Holmes’ parental approach with teens is one of “collaborative authority” where the youth is part of the decision-making process. There was one area however that Holmes felt a parent should “come down hard on,” and that is telling lies or leaving out part of the story. He said that many of the young people he treats have trouble with “scamming” the adults in their lives.
He tells them: “Don’t try the scams you pull on your parents with me because it won’t work. I don’t have to go home with you. Do you want to learn how to do business in a new way?”
Parents should confront the deceptive behaviors immediately by telling their child that they plan to love them into competency and scams will only get in the way.
Dishonesty also destroys trust, which parents need in order to give them opportunities to show that they are trustworthy enough to be given some adult responsibility.
“Everyone wants their child to be a self-starter,” said Holmes who feels that can only happen if they have the confidence to enter this new stage of life.
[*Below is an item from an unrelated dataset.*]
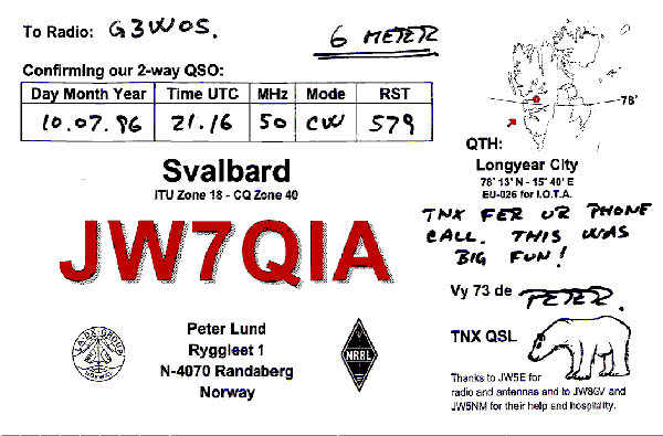 I spoke with Ole, JW8GV, on the landline today (14th July). He says that he is the 'real' 6m metre guy in JW but he was unsure of his cw capability so he let Peter, JW7QIA operate the station following my call. To operate they have to disconnect the beacon antenna and change it over to a transceiver owned by Ole. Ole is in JW for another twelve months but is leaving to go back to Norway for a holiday between July 25th and August 27th 1996. Ole was really surprised at the strength of the signals (s9+) on 6m and is planning to put up another antenna separate to the beacon. It seems Matt, JW5NM, is less interested in 6m.

He sees the security of the home and parental influence as the major factors in the confidence building.
“Celebrate when they do something well because it is important for them to be good at something,” he said.
For example, he spoke of how it is not uncommon for college students to want to come home for a weekend, passing up the excitement of the campus for the safe comfortable feeling they get from being near people who love them unconditionally.
The topic of depression was also discussed.
“There is a natural level of depression that goes with adolescence because they are leaving childhood behind, and they now are facing scary feelings and strange changes in their body,” said Holmes.
He asked parents to be empathetic to these problems and stay connected, watching their childrens’ behavior. He cautioned that if the depression keeps them in the bedroom night and day or they are constantly irritable that there could be a deeper problem that needs professional help.
Holmes believes a parent will know when there is trouble, as long they stay connected and talk with their child.
“It is not just about quality time because you cannot have quality time without spending quantity time with your child,” he said dispelling a common myth in parenting circles.
One way to build quality time is to plan a celebration together as a family. Such activities give the child a sense of worth and belonging that all people need according to the psychologist.
“Human beings were made to celebrate. Animals don’t organize birthday parties,” he said.
His parting advice was to always be respectful to children and do not be combative but calmly say to them, “I don’t think we are doing business the right way. Let’s renegotiate.”